Your assignment: When copying the listing below, skip every picture and repeat exactly the lines from the first one through the line that contains "- 2 рулона Mega".

Source data:
┏━━

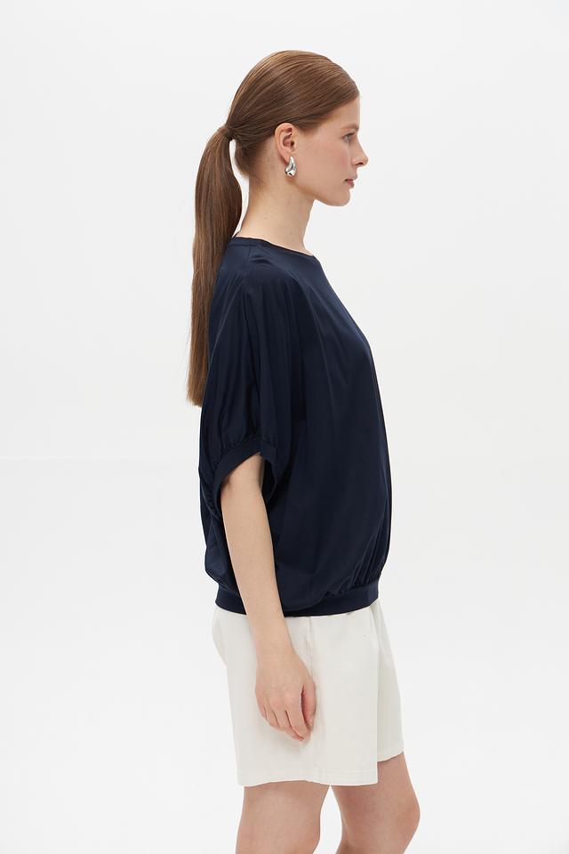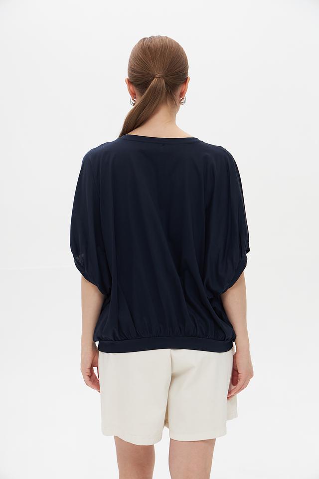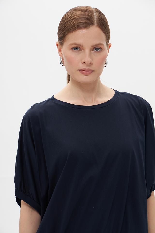 Тёмно-синяя футболка Croche с рукавом-фонарик и округлым вырезом горловины. Изготовлена из мягкого и приятного к телу сочетания хлопка и модала, обеспечивающего комфорт в течение всего дня. Стильный и лаконичный дизайн. Состав: хлопок 50%, модал 50%
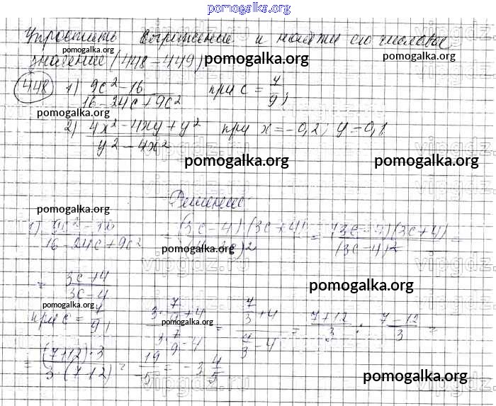 Готовые ответы - Алгебра 7 класс Колягин Ю.М. - упражнение 448
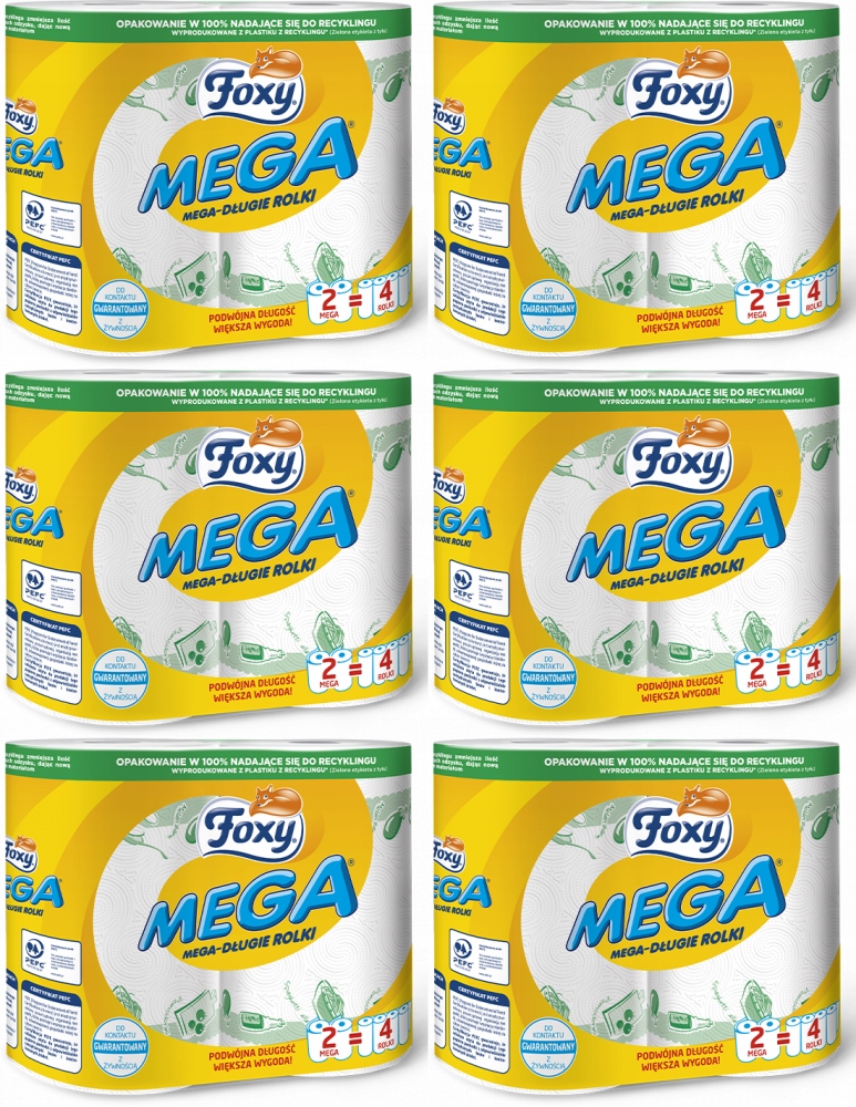 - 2 рулона Mega Foxy соответствуют 4 стандартным рулонам бумаги — эффективное и экономичное решение.
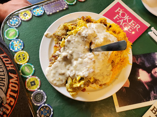 Ive only been here once and it was a good experience but I can definitely understand that its not for everyone. Its a very small place with limited seating and no where to stand while waiting for a seat which can make things very crowded on the weekends. Very heavy poker theme as well but I like playing cards so I enjoyed it. I dont understand why some complain about the free toast but I really liked it. Someone complained they like warm toast with their meal... then ask for some more when you get your meal... DONT LET IT JUST SIT THERE... ITS FREE AND ALL YOU CAN EAT!!! Shouldnt be too hard to comprehend. Anyways the food was slightly above average but nothing that great but I dont like much breakfast food besides pancakes. Tried their biscuits and gravy which I was told was excellent and I like my own gravy better. The one thing I didnt like is how expensive it was. Normally, a breakfast place that charges a lot makes up for it with extremely large portions. This place gets the portions right (even though they make things a la carte) as far as how much a person can reasonably eat but still charges the high prices. It cost my wife and I $25 with tip to eat. Thats just too much IMO for breakfast. Overall, Id recommend checking it out once but not a place to go to frequently. Side note: I can see why some dont like the owner. He is an old stubborn guy.
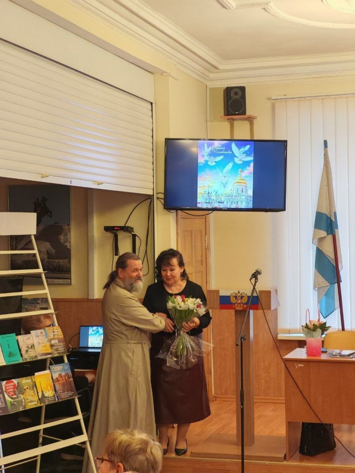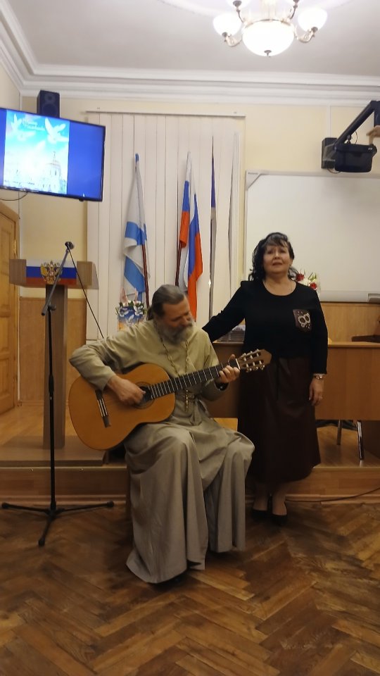 Завершился вечер песней на стихи Поливцевой Ирины музыку А. Базанова, «Ждущая» в исполнении дуэта, отца Сергия и Ирины Поливцевых. Свои книги «И все же надо верить в чудеса» Поливцева Ирина подарила в фонд Морской библиотеки, а также всем выступающих на вечере.
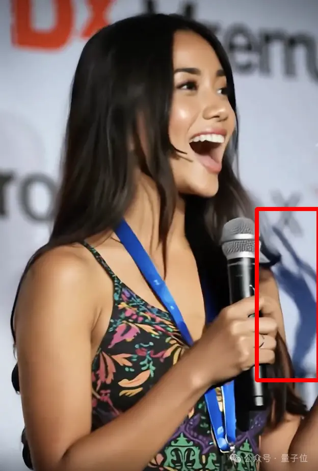 在话筒右侧的位置,有一片十分诡异的阴影,这片阴影对应的是人物的一只手,显然AI在这里处理得有所欠缺。
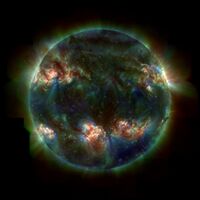 X-ray astronomy uses X-radiation, produced by extremely hot and high-energy processes. Since X-rays are absorbed by the Earth's atmosphere, observations must be performed at high altitude, such as from balloons, rockets, or specialized satellites. X-ray sources include X-ray binaries, supernova remnants, clusters of galaxies, and active galactic nuclei.[95] Since the Sun's surface is relatively cool, X-ray images of the Sun and other stars give valuable information on the hot solar corona.[96]
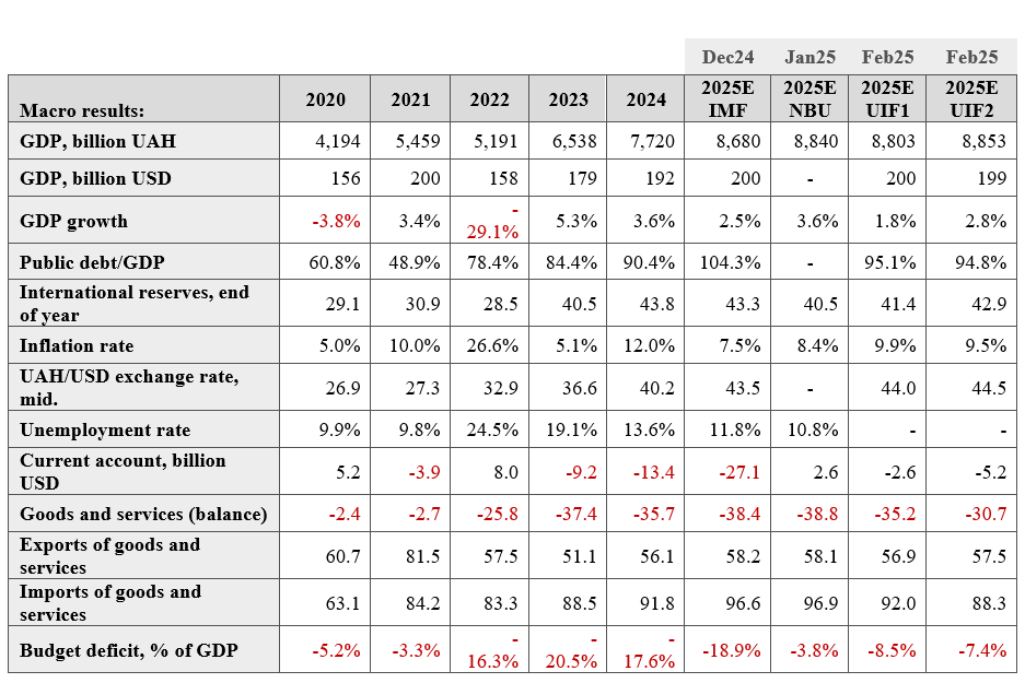 Nominal GDP Data for 2024 – from the Latest NBU Report (January 2025). GDP Growth Data – Estimates by the Ministry of Economy and UIF.
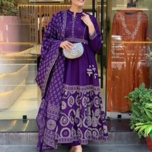 The gown’s 45+ inch kurti length and 38 inch bottom length provide a flattering drape and comfortable fit, making it ideal for festive occasions, celebrations, or family gatherings. The breathable muslin fabric ensures comfort throughout the day while maintaining a luxurious feel.
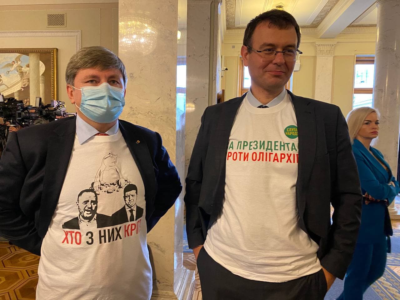 В день выступления президента Украины в Верховной Раде, 1 декабря, между представителями разных фракций состоялась "битва футболок" – "Слуги народа" избрали своим дресс-кодом наряды с надписью "За президента, против олигархов", а депутаты из "Евросолидарности" демонстрировали изображение крота, Зеленского и Ермака с надписью "Кто из них крот?", намекая таким образом на "вагнергейт".
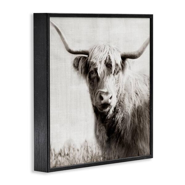 Black and White Highland Cow by Danita Delimont Black Framed Animal Giclee Art Print 12 in. x 12 in.
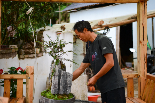 院子环境舒适,周朋伟的母亲王万菊也笑道:“打造这个院子他花了几万元,好些盆盆罐罐、花花草草都是从外面买回来的,之前他去山上找树桩,人晒得黑黢黢的,随着院子环境的改变,看着这些花草人的心情都变好了。”
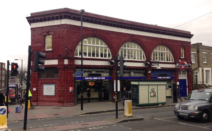 Green designed the stations in a bold uniform ‘Arts & Crafts’ style so that they would be instantly recognisable for the UERL’s new customers. Each station was constructed around a steel two story frame, with ox-blood red tiled façades with large semi-circular windows above wide entrance/exit gates. This December (2014) I went to take a closer look at some of the examples surviving on today’s Northern Line.
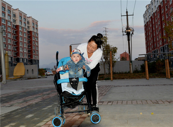 10月20日,在內蒙古包頭市北梁新區,一名女子帶著嬰兒在小區玩耍。新華社
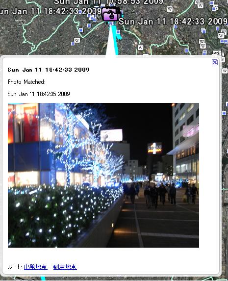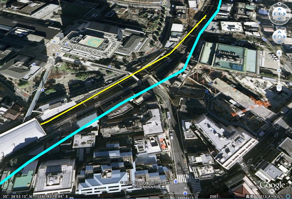電車で移動しているところなので、本来は、黄色の線(適当だけどw)のはずが、Routeログは水色のラインを走っています。
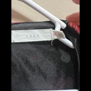 This Lush floral maxi dress in women's size XS features a collared neckline, sleeveless design, and a side slit. Made of polyester knit fabric, it has a tie closure and ruffle accents. The dress is black with a colorful floral pattern, suitable for parties, casual, or formal occasions in spring and summer.
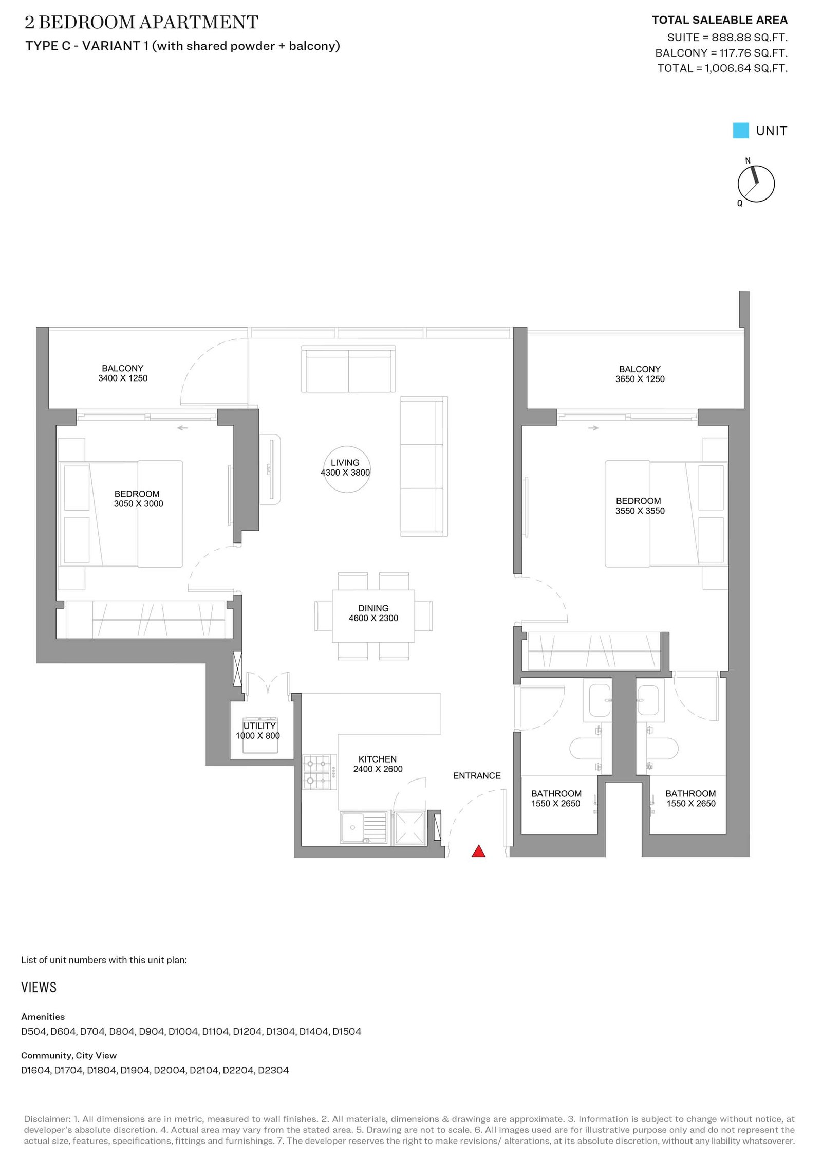 Level 05-23 | - | Type C-Variant 1 | 1006.64 Sq Ft | Apartment |

┗━━

Exercise output:
 Тёмно-синяя футболка Croche с рукавом-фонарик и округлым вырезом горловины. Изготовлена из мягкого и приятного к телу сочетания хлопка и модала, обеспечивающего комфорт в течение всего дня. Стильный и лаконичный дизайн. Состав: хлопок 50%, модал 50%
 Готовые ответы - Алгебра 7 класс Колягин Ю.М. - упражнение 448
 - 2 рулона Mega Foxy соответствуют 4 стандартным рулонам бумаги — эффективное и экономичное решение.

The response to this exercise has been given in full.